YOUR TASK —
Repeat exactly, and only, the lines of the entries below from the one with "41 인치 포크 기타" through the one with "Beispiel Volksbad: An", both ends included.

RECORDS FOR THE EXERCISE —
──────────────────────────────
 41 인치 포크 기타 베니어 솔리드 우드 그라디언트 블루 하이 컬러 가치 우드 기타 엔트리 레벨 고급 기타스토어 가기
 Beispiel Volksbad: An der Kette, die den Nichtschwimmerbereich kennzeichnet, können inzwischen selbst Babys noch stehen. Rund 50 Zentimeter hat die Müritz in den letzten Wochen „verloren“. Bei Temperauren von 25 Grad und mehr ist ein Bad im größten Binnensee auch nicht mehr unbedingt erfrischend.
──────────────────────────────
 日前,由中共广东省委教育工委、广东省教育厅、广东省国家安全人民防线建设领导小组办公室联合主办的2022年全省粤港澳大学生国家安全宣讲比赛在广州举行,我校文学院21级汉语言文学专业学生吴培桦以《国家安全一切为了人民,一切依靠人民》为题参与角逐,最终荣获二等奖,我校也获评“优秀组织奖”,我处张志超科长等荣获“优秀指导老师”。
──────────────────────────────
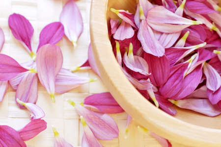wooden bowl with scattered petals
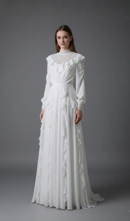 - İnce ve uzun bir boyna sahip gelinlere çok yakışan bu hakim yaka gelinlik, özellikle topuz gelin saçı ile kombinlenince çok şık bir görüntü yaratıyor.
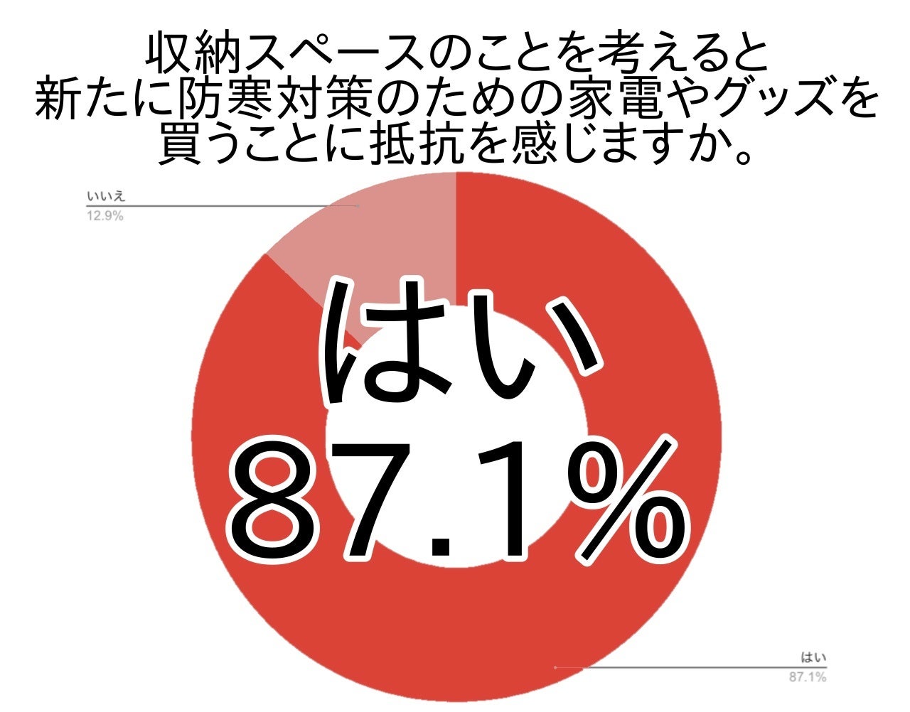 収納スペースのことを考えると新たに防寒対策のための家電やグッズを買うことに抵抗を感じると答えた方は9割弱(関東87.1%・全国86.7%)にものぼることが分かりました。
──────────────────────────────
RESULT OF THIS TASK —
 41 인치 포크 기타 베니어 솔리드 우드 그라디언트 블루 하이 컬러 가치 우드 기타 엔트리 레벨 고급 기타스토어 가기
 Beispiel Volksbad: An der Kette, die den Nichtschwimmerbereich kennzeichnet, können inzwischen selbst Babys noch stehen. Rund 50 Zentimeter hat die Müritz in den letzten Wochen „verloren“. Bei Temperauren von 25 Grad und mehr ist ein Bad im größten Binnensee auch nicht mehr unbedingt erfrischend.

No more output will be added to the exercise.